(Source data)
════════════════

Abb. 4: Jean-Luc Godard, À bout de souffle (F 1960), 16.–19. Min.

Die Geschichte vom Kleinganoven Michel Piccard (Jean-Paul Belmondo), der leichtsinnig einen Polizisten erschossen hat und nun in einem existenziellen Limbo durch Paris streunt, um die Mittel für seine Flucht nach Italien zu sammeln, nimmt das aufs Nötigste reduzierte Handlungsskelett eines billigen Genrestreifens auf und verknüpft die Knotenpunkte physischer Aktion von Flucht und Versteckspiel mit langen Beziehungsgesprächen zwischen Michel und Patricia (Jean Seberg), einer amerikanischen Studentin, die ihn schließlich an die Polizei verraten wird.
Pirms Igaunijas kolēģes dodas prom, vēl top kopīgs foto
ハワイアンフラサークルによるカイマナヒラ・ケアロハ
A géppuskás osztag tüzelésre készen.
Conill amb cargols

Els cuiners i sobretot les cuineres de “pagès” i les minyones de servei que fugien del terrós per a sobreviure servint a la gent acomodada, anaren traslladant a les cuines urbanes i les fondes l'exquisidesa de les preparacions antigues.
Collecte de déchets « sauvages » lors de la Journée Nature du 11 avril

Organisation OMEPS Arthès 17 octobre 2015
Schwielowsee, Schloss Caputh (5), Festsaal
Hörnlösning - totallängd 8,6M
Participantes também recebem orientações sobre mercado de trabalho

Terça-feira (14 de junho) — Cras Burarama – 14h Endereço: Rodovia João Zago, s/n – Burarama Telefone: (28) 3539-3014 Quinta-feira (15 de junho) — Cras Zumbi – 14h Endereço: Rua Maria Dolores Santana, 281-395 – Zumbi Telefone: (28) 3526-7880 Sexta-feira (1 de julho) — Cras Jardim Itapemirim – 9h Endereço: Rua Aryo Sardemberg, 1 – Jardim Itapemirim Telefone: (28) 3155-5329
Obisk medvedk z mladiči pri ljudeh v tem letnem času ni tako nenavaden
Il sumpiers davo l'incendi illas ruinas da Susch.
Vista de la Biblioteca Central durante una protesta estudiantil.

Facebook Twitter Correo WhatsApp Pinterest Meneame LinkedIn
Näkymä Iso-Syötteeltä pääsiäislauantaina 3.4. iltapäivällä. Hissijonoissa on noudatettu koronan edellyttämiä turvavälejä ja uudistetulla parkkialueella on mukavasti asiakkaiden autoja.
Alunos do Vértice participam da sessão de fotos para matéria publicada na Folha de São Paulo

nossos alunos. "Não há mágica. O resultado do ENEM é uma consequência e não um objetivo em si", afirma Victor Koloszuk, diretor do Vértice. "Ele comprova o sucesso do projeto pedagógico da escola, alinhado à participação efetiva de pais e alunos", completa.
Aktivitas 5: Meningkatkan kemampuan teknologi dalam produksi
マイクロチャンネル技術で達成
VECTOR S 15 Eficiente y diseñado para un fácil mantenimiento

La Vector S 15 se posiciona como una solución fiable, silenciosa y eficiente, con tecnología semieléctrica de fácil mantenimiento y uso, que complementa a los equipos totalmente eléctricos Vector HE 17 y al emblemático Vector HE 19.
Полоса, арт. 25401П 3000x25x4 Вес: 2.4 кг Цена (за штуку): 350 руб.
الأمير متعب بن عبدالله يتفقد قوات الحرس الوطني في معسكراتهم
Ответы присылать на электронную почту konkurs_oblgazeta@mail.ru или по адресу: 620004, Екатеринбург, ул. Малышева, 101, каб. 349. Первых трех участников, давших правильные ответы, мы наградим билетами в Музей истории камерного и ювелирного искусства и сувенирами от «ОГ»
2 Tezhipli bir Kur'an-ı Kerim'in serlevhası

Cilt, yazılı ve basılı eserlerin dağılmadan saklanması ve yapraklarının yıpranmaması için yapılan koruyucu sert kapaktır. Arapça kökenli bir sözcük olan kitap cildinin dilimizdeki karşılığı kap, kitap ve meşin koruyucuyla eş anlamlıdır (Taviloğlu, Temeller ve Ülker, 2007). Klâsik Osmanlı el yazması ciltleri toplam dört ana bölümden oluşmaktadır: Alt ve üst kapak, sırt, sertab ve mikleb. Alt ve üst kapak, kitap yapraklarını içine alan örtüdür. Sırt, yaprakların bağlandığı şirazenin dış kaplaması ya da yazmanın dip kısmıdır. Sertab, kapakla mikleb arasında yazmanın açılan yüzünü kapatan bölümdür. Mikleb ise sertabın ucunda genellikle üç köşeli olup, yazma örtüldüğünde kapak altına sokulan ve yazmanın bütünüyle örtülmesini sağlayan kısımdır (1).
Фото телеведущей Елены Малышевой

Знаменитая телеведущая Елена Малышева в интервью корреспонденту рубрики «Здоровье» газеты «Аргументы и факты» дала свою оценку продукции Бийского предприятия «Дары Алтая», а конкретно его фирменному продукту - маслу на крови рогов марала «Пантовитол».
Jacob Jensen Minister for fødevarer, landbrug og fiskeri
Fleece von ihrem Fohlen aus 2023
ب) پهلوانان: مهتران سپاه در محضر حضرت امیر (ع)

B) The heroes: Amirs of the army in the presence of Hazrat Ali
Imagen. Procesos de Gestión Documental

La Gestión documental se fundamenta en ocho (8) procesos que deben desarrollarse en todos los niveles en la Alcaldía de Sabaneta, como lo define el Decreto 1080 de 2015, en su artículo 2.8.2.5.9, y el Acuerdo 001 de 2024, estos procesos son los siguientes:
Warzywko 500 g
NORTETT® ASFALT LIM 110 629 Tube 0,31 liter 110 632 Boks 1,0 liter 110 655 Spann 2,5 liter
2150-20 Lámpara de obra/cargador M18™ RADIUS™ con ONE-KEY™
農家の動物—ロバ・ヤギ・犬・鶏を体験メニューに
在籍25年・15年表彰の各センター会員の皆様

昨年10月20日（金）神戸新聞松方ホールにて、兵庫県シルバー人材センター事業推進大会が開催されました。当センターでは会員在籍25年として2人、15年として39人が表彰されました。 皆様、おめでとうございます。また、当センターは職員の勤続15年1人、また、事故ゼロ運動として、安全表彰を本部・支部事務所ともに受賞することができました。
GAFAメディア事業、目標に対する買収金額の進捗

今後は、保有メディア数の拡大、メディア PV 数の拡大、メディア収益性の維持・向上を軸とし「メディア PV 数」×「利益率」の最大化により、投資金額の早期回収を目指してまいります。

════════════════

Please give an exact copy of the entries above, from the line with "La Gestión documental" down to the line with "Warzywko 500 g", inclusive, and nothing else.

• **Answer for this exercise**:
La Gestión documental se fundamenta en ocho (8) procesos que deben desarrollarse en todos los niveles en la Alcaldía de Sabaneta, como lo define el Decreto 1080 de 2015, en su artículo 2.8.2.5.9, y el Acuerdo 001 de 2024, estos procesos son los siguientes:
Warzywko 500 g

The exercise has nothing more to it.